_Assigned task_.
Print only the lines below from the one with "Founder & CEO: Simon" to the one with "Curriculum • ‘Run-through’", both included, exactly as they stand. Leave pictures out.

_Task inputs_.

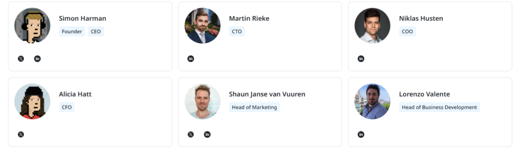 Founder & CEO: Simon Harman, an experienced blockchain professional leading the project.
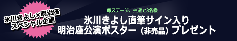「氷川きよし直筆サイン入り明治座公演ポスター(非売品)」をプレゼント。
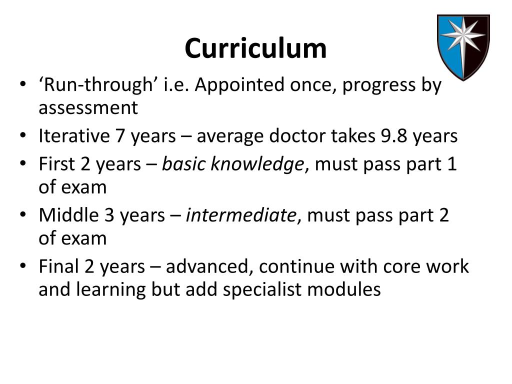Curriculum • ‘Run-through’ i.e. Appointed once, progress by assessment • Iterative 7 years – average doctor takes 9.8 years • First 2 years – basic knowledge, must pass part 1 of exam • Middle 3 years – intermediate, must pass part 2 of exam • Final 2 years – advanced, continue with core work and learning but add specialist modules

...

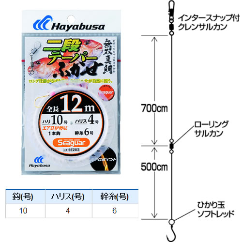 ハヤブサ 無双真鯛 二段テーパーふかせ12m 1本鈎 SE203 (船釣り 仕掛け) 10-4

_Response to the task_.
 Founder & CEO: Simon Harman, an experienced blockchain professional leading the project.
「氷川きよし直筆サイン入り明治座公演ポスター(非売品)」をプレゼント。
Curriculum • ‘Run-through’ i.e. Appointed once, progress by assessment • Iterative 7 years – average doctor takes 9.8 years • First 2 years – basic knowledge, must pass part 1 of exam • Middle 3 years – intermediate, must pass part 2 of exam • Final 2 years – advanced, continue with core work and learning but add specialist modules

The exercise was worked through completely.